Configuration	Key Metrics	Description
Full DiVA (Distillation + Alignment)	Best QA, Good Translation	Synergy of both losses
Distillation Loss Only	QA outperforms SFT baselines	Translation is nearly zero (language ID only 1.4%)
Token Alignment Loss Only	Incoherent generation	Classification is near-random

Key Findings¶

Generalizing to spoken QA, classification, and translation tasks using only ASR data proves the feasibility of cross-modal distillation.
User preferences do not perfectly align with benchmark results—72% of users prefer DiVA despite it not being optimal across all benchmark tasks.
DiVA achieves superior user satisfaction while requiring over 100x less training compute.
Distillation inherits the pitfalls of the text LLM (e.g., Llama's tendency to output Latin transliterations for Chinese/Japanese, or assuming text is always humorous).
Reusing the Whisper decoder is a key engineering innovation, bypassing the massive overhead of training a Q-Former from scratch.

Highlights & Insights¶

Paradigm Innovation: Replacing SFT with distillation addresses the dual challenges of "forgetting" and "data scarcity," charting a new path for Speech LLM training.
Extreme Efficiency: Outstanding performance is achieved with only 3.5k hours of data and 12 hours of training, outpacing Qwen 2 Audio which utilizes over 50k hours and DPO.
Mathematical Elegance: The proof showing that the L2 distance is a subset of KL divergence minimization when sharing the output matrix simplifies complex KL distillation into straightforward L2 regression.
Whisper Decoder Reuse: A component completely overlooked by prior works becomes a critical source for initialization.
Open Research: Uses entirely open-source data and code, releasing full training code rather than just inference weights.

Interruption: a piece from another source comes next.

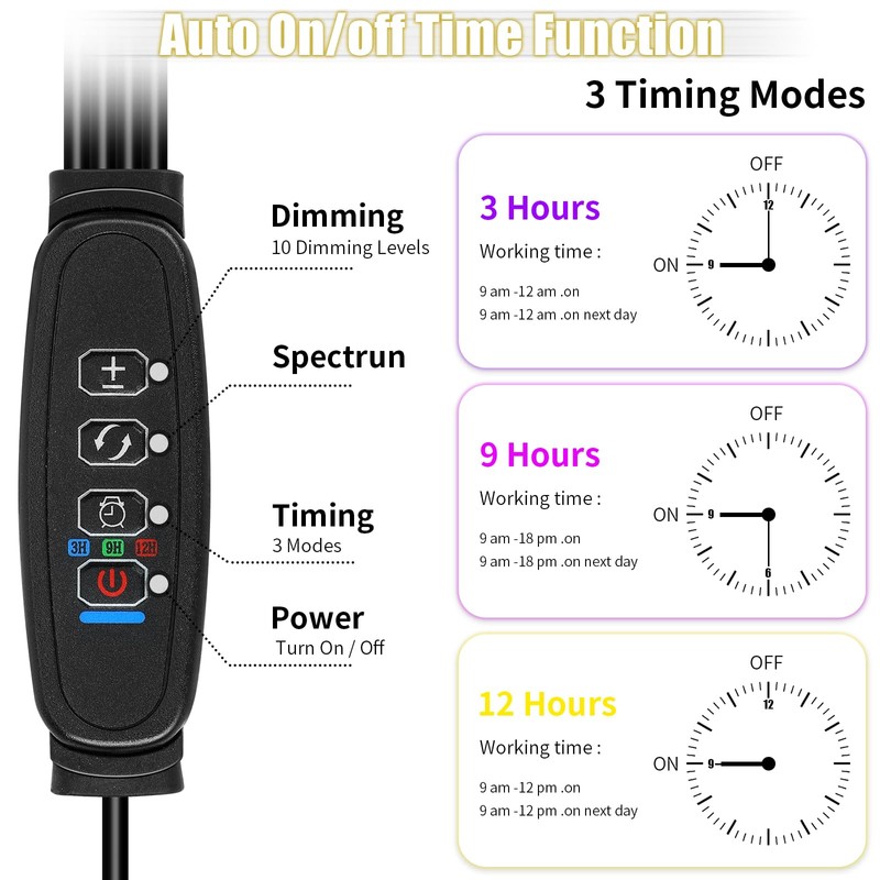 - 【Timing Function】 : Grow lights have cyclic memory timing function, the product will automatically open and close, you can set 3 hours, 6 hours, 12 hours, do not need manual operation, can take better care of the plant.

Limitations & Future Work¶

Inherits the limitations of Llama 3 (e.g., transliteration bias in Chinese/Japanese translation, misjudgment of humor/sarcasm).
Pure prosody understanding remains weak—sarcasm and humor detection perform close to random guessing.
Trained exclusively on English CommonVoice; multi-lingual scenarios are not fully validated.
The "last \(N\)" alignment strategy in the token alignment loss may not be optimal.
Distillation in the speech generation (TTS) direction remains unexplored.
The user study is small-scale (53 participants, 522 evaluations), leaving room for larger-scale validation.

Establishes a direct contrast with SALMONN and the Qwen Audio series, showcasing a fundamentally different training paradigm.
Extension of context distillation to cross-modal applications—from text to speech, which could generalize to image, video, and other modalities.
The Q-Former initialization strategy can inspire other cross-modal alignment research.
Delivers an elegant solution to the general problem of "how to efficiently transfer LLM capabilities to a new modality."

Rating¶

Novelty: ⭐⭐⭐⭐⭐ Paradigm-shifting innovation of using cross-modal distillation instead of SFT, combined with the clever reuse of the Whisper decoder.
Experimental Thoroughness: ⭐⭐⭐⭐ Covers spoken QA, classification, translation, user studies, and ablation studies, although translation results are mixed.
Writing Quality: ⭐⭐⭐⭐⭐ Clear motivation, elegant mathematical derivation, tight structure, and excellent readability.
Value: ⭐⭐⭐⭐⭐ Charts a highly efficient and open path forward for the Speech LLM field.